The data acquired from deviation surveys is processed using various models to generate a three-dimensional representation of the wellbore trajectory. These models account for measurement errors and the Earth's curvature:

• Minimum Curvature Method: This is a widely used method that assumes the wellbore follows a smooth curve with minimum curvature. It is relatively simple and efficient but may not accurately represent highly deviated or complex well trajectories.

• Radius of Curvature Method: This model uses the radius of curvature at each measurement point to build the wellbore trajectory. It is more accurate than the minimum curvature method for highly deviated wells but is computationally more intensive.

• Weighted Average Method: This method combines multiple survey measurements to reduce the impact of individual measurement errors. Weights are assigned based on the reliability and accuracy of each measurement.

• Kalman Filtering: A sophisticated method that incorporates prediction and correction steps based on sequential data from the survey, accounting for uncertainties and noise. It yields a smoother and more accurate wellbore path than simpler methods.

Chapter 3: Software

Specialized software packages are crucial for processing and interpreting deviation survey data. These software applications facilitate:

• Data Import and Validation: Import data from various survey instruments, validate for errors and inconsistencies.
• Trajectory Calculation: Apply different mathematical models (minimum curvature, radius of curvature, etc.) to compute the 3D wellbore trajectory.
• Visualization: Create 2D and 3D representations of the wellbore path, showing inclination, azimuth, and other relevant parameters.
• Report Generation: Generate comprehensive reports containing all essential survey data, plots, and interpretations.
• Well Planning Integration: Seamlessly integrate with well planning software for optimized drilling strategies.
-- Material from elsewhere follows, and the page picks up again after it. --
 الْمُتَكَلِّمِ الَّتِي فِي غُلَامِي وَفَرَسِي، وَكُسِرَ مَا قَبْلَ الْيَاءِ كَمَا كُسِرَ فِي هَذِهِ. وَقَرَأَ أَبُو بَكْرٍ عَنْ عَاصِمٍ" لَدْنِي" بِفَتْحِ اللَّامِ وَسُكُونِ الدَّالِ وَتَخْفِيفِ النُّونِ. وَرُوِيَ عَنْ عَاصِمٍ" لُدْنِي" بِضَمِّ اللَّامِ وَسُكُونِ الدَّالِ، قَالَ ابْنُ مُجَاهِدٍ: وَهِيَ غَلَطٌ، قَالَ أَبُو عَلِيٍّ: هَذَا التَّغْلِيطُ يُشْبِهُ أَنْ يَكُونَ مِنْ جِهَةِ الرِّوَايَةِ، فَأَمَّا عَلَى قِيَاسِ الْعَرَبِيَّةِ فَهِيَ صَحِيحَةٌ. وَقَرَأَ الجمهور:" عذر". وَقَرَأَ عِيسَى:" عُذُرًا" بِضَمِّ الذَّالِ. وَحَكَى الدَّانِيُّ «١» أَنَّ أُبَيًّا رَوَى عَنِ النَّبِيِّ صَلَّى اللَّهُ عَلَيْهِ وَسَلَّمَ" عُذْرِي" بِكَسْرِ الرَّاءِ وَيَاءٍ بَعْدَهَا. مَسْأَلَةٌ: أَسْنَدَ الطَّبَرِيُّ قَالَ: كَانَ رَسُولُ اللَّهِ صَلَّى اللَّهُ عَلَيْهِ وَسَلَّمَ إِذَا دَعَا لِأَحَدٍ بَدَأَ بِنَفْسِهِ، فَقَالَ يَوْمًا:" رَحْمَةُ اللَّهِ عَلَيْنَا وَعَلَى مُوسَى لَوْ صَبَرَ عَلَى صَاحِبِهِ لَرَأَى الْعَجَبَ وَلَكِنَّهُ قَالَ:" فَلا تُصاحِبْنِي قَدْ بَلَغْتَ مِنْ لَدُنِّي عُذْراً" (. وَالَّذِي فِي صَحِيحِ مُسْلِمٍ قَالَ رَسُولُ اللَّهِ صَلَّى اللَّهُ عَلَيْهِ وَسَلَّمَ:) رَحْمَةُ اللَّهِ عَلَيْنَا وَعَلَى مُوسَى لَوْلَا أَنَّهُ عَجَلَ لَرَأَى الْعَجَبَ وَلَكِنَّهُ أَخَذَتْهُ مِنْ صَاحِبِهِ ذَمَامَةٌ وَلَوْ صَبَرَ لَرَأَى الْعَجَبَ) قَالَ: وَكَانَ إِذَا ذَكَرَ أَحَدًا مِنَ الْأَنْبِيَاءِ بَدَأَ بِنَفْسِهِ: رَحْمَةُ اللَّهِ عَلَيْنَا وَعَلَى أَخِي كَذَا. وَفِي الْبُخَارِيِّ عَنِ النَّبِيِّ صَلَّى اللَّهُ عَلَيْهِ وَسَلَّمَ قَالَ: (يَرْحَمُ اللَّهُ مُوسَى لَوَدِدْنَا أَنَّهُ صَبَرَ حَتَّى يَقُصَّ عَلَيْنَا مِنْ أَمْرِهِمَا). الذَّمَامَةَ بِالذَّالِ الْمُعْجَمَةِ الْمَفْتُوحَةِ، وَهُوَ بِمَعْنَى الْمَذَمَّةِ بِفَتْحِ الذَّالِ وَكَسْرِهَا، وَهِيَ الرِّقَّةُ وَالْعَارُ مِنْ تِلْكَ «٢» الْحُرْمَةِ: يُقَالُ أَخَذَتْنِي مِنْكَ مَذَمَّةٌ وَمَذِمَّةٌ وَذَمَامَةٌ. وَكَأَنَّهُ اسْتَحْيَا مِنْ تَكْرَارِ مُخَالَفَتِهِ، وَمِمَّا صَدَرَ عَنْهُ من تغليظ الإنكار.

Examples of such software include Petrel (Schlumberger), Kingdom (IHS Markit), and specialized deviation survey processing packages from various service providers.

Chapter 4: Best Practices

Maintaining accuracy and reliability in deviation surveys requires adherence to several best practices:

• Regular Surveys: Frequent surveys are crucial, especially in complex geological formations or during high-angle drilling. The frequency should balance accuracy requirements with operational efficiency and costs.
• Calibration and Maintenance: Regular calibration and maintenance of survey instruments are essential for ensuring measurement accuracy.
• Quality Control: Rigorous quality control procedures, including data validation and error checks, should be implemented throughout the survey process.
• Standardized Procedures: Following standardized procedures for data acquisition, processing, and interpretation ensures consistency and minimizes errors.
• Experienced Personnel: Using experienced and trained personnel is vital for proper instrument handling, data acquisition, and interpretation.
• Environmental Considerations: Following environmental regulations when conducting surveys is crucial for maintaining environmental protection.

Chapter 5: Case Studies

Several case studies demonstrate the importance of accurate deviation surveys:

• Case Study 1: Avoiding a Collision: A detailed deviation survey allowed operators to prevent a potential collision between two wells by detecting a significant deviation from the planned trajectory.
• Case Study 2: Optimizing Reservoir Contact: Precise deviation surveys enabled operators to optimize the well's position within the reservoir, increasing hydrocarbon production.
• Case Study 3: Mitigating Wellbore Instability: Early detection of excessive deviation through frequent surveys allowed engineers to adjust drilling parameters and prevent wellbore instability issues, reducing non-productive time and costs.
• Case Study 4: Successful Horizontal Well Completion: Accurate deviation surveys played a critical role in successfully drilling and completing a long horizontal wellbore in a challenging geological setting.

These case studies showcase how deviation surveys can help prevent costly accidents, optimize drilling operations, and enhance overall production efficiency. Specific details of the case studies would require confidential data from real-world projects which is unavailable here.